Problem:
Omit the pictures and output exactly the lines from the start of the entries through the line containing "Recámara 2 con".

Extracted records:
····················

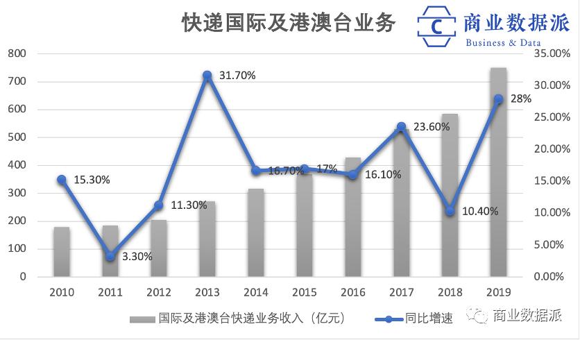 另外,随着跨境电商业务在继续扩张,跨境物流也在快速发展,不少快递公司开始把眼光放到国际化。国家邮政局称, 2019年国际/港澳台业务收入已经达到近750亿元的水平,同比增长达到28%。今年上半年,国际/港澳台业务量累计完成7.6亿件,同比增长20.9%。
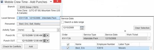 Use the Punch IN and Punch OUT scrollers to enter exact Punch In and Punch Out times. Use the ”Check for Conflicts” button to be sure that the Mobile Crew Time for a person assigned to a Local Service, is not being overlapped with any other service.
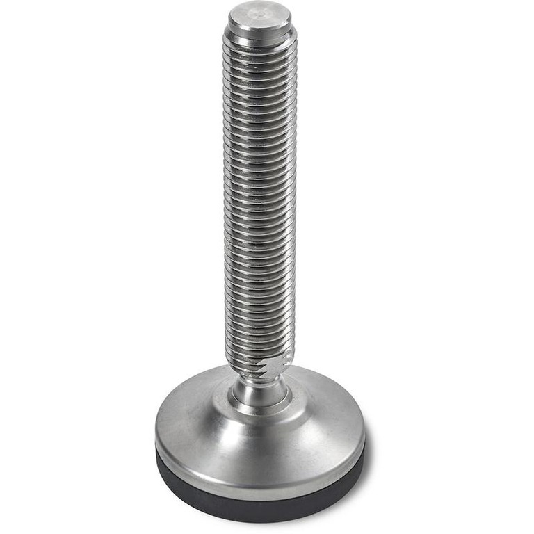 Wersja P543CIN: Stopka ze stali INOX - z trzpieniem typu B (z frezowanym gniazdem pod klucz) i kulką 15 - z podstawą antypoślizgową z TPV
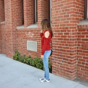 Well fitted, open shoulder sweatshirt. Featuring crew neckline, open shoulder with ruffle trim, long sleeve with cuffs, and ribbed trim detail.
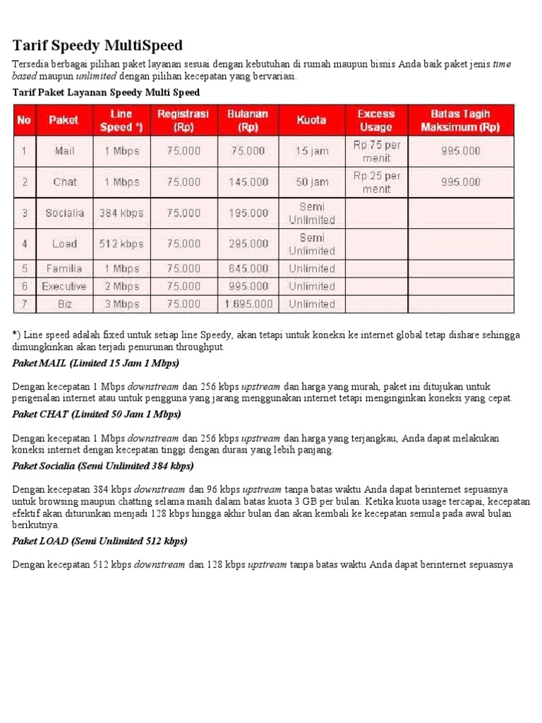 Tarif speedy multispeed tersedia berbagai pilihan paket layanan sesuai dengan kebutuhan di rumah maupun bisnis anda baik paket jenis time based maupun unlimited dengan pilihan kecepatan yang bervariasi. Namun sayangnya paket dan jaringan yang di sediakan oleh operator ini tidak seperti operator lainnya misalnya paket internet telkomsel, karena sebagian meski tidak senyaman para pengguna yang berada di perkotaan. 1123 x 1600 jpeg 509 кб. 611 x 193 png 21 кб. Paket speedy untuk wilayah medan dan sekitarnya untuk info dan pemasangan hubungi :
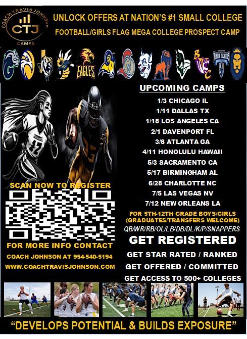 FL BOYS FOOTBALL / GIRLS FLAG WINTER MEGA COLLEGE PROSPECT CAMP NOW AVAILABLE FEB 1ST AS ONE OF THE FIRST COLLEGE PROSPECT EXPOSURE CAMPS OF SEASON AND OFFERS IN-PERSON COLLEGE SCHOLARSHIP OFFER EVALUATIONS WITH SEVERAL COLLEGES
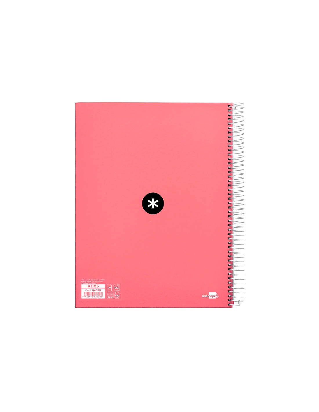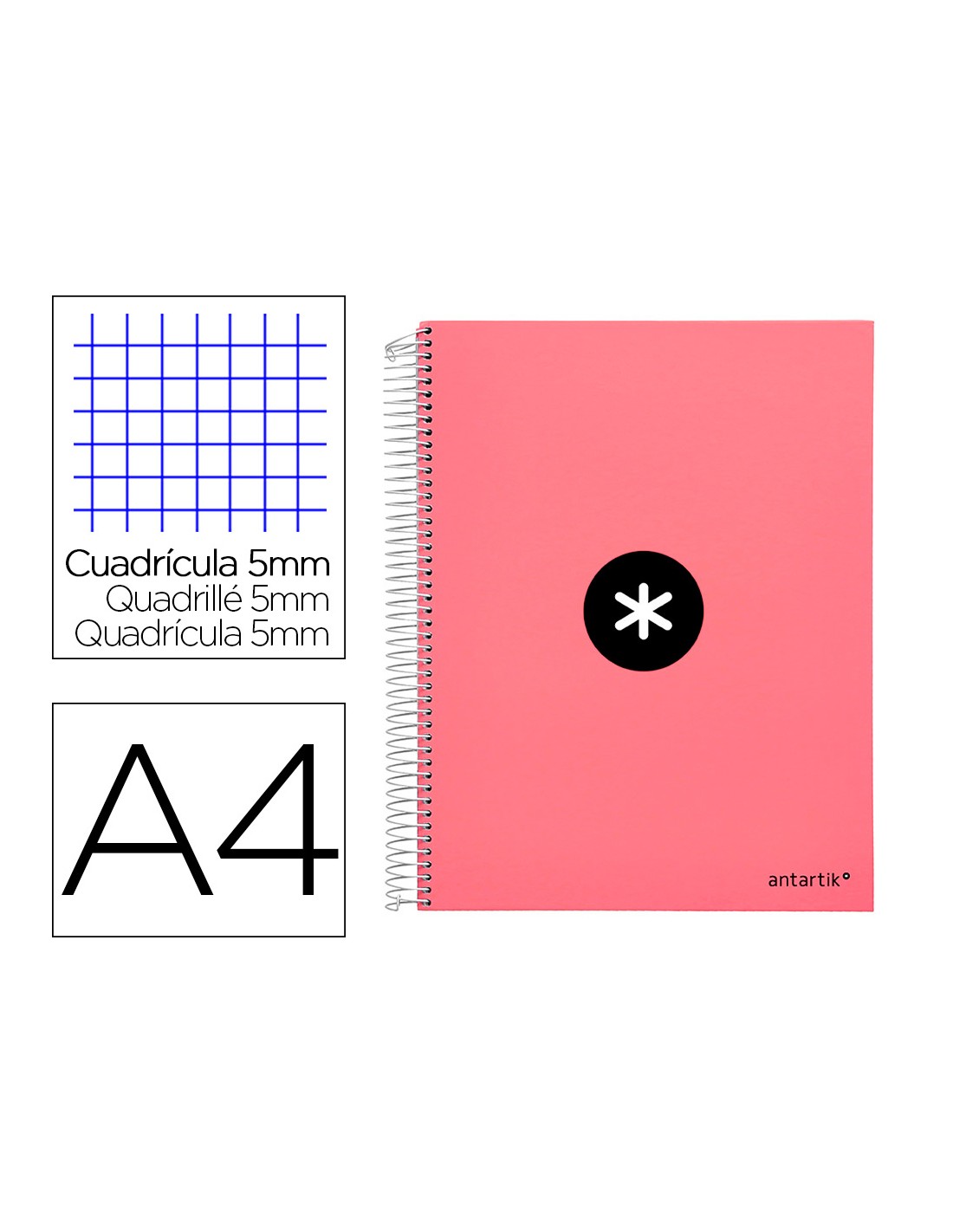 Cuaderno espiral a4 micro antartik tapa forrada 120h 90 gr cuadro 5mm 5 bandas 4 taladros color coral
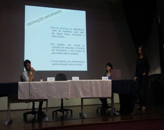 Os fonoaudiólogos Luisa Catoira e Junio Duarte falaram da importância do cuidado com a voz, do trabalho de adequação de postura para falar, da utilização da respiração costo-diafragmática e de outros assuntos relacionados ao tema. Explicaram também, o trabalho que realizam com atores, cantores, professores e outros profissionais.
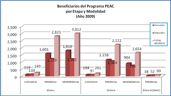 Durante el año 2009, el programa PEAC tuvo una cobertura en 21
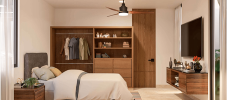 Recámara 2 con área de closet vestidor (incluye carpintería) y baño completo
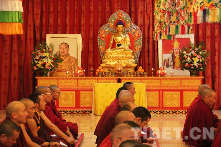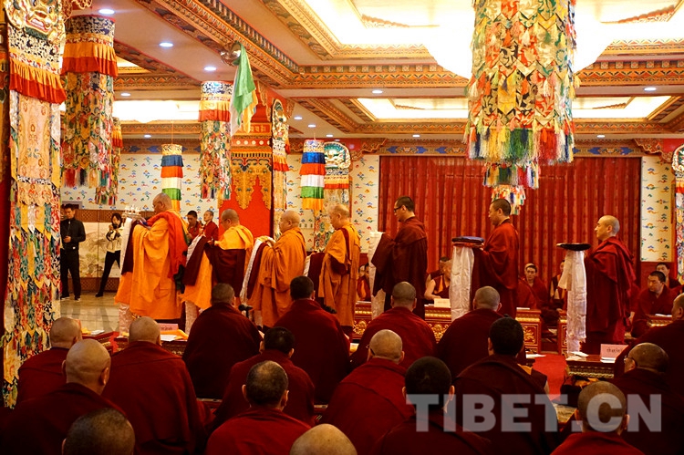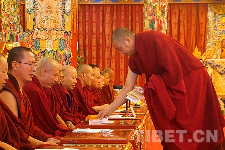 十一世班禪端坐於(yu) 法座之上,口念經文,百餘(yu) 位僧人身著戒衣,按順序分坐於(yu) 大殿兩(liang) 側(ce) ,跟隨大師虔誠詠誦《皈依發心》《文殊師利名讚》《十世班禪大師功德新祈禱詞》《回向祈禱詞》《十一世班禪大師常住世間法》《白度母讚》《釋教昌盛祈願》以及《興(xing) 隆正法》《消除眾(zhong) 劫》《六時吉祥》等。全場如律如儀(yi) ,梵音低徊,給人以安定的力量,場麵殊勝吉祥。
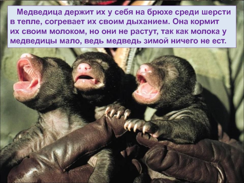 Слайд 39 Медведица держит их у себя на брюхе среди шерсти
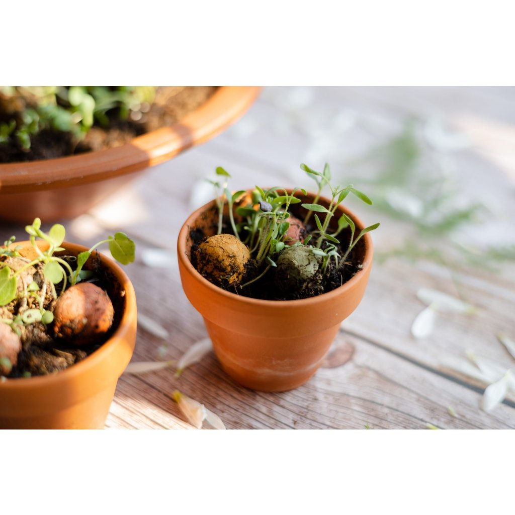 | Složení: | jíl; semínka divokých květin: Agrostemma githago (koukol polní), Trifolium incarnatum (jetel inkarnát), Malva sylvestris (sléz lesní), Papaver rhoeas (vlčí mák), Sanguisorba minor/ Poterium sanguisorba (krvavec menší), Centaurea cyanus (chrpa modrá), Coriandrum sativum (koriandr setý), Trifolium resupinatum (jetel zvrácený), Phacelia tanacetifolia (svazenka vratičolistá), Linum usitatissimum (len setý), Camelina sativa (lnička setá), Trifolium repens (jetel plazivý), Nigella sativa (černucha setá), Melilotus officinalis (komonice lékařská), Chrysanthemum segetum (zlateň osenní), Carum carvi (kmín kořenný), Diplotaxis tenuifolia (křez tenkolistý), Cichorium intybus var. Intybus (čekanka obecná), Chrysanthemum ircutianum/Leucanthemum vulgare (kopretina irkutská/kopretina bílá), Achillea millefolium (řebříček obecný), Trifolium pratense (jetel luční), Chamomilla recutita/Matricaria chamomilla (heřmánek pravý), Plantago lanceolata (jitrocel kopinatý), Brassica juncea (brukev sítinovitá); přírodní barevné pigmenty |

····················

Your response:
 另外,随着跨境电商业务在继续扩张,跨境物流也在快速发展,不少快递公司开始把眼光放到国际化。国家邮政局称, 2019年国际/港澳台业务收入已经达到近750亿元的水平,同比增长达到28%。今年上半年,国际/港澳台业务量累计完成7.6亿件,同比增长20.9%。
 Use the Punch IN and Punch OUT scrollers to enter exact Punch In and Punch Out times. Use the ”Check for Conflicts” button to be sure that the Mobile Crew Time for a person assigned to a Local Service, is not being overlapped with any other service.
 Wersja P543CIN: Stopka ze stali INOX - z trzpieniem typu B (z frezowanym gniazdem pod klucz) i kulką 15 - z podstawą antypoślizgową z TPV
 Well fitted, open shoulder sweatshirt. Featuring crew neckline, open shoulder with ruffle trim, long sleeve with cuffs, and ribbed trim detail.
 Tarif speedy multispeed tersedia berbagai pilihan paket layanan sesuai dengan kebutuhan di rumah maupun bisnis anda baik paket jenis time based maupun unlimited dengan pilihan kecepatan yang bervariasi. Namun sayangnya paket dan jaringan yang di sediakan oleh operator ini tidak seperti operator lainnya misalnya paket internet telkomsel, karena sebagian meski tidak senyaman para pengguna yang berada di perkotaan. 1123 x 1600 jpeg 509 кб. 611 x 193 png 21 кб. Paket speedy untuk wilayah medan dan sekitarnya untuk info dan pemasangan hubungi :
 FL BOYS FOOTBALL / GIRLS FLAG WINTER MEGA COLLEGE PROSPECT CAMP NOW AVAILABLE FEB 1ST AS ONE OF THE FIRST COLLEGE PROSPECT EXPOSURE CAMPS OF SEASON AND OFFERS IN-PERSON COLLEGE SCHOLARSHIP OFFER EVALUATIONS WITH SEVERAL COLLEGES
 Cuaderno espiral a4 micro antartik tapa forrada 120h 90 gr cuadro 5mm 5 bandas 4 taladros color coral
 Os fonoaudiólogos Luisa Catoira e Junio Duarte falaram da importância do cuidado com a voz, do trabalho de adequação de postura para falar, da utilização da respiração costo-diafragmática e de outros assuntos relacionados ao tema. Explicaram também, o trabalho que realizam com atores, cantores, professores e outros profissionais.
 Durante el año 2009, el programa PEAC tuvo una cobertura en 21
 Recámara 2 con área de closet vestidor (incluye carpintería) y baño completo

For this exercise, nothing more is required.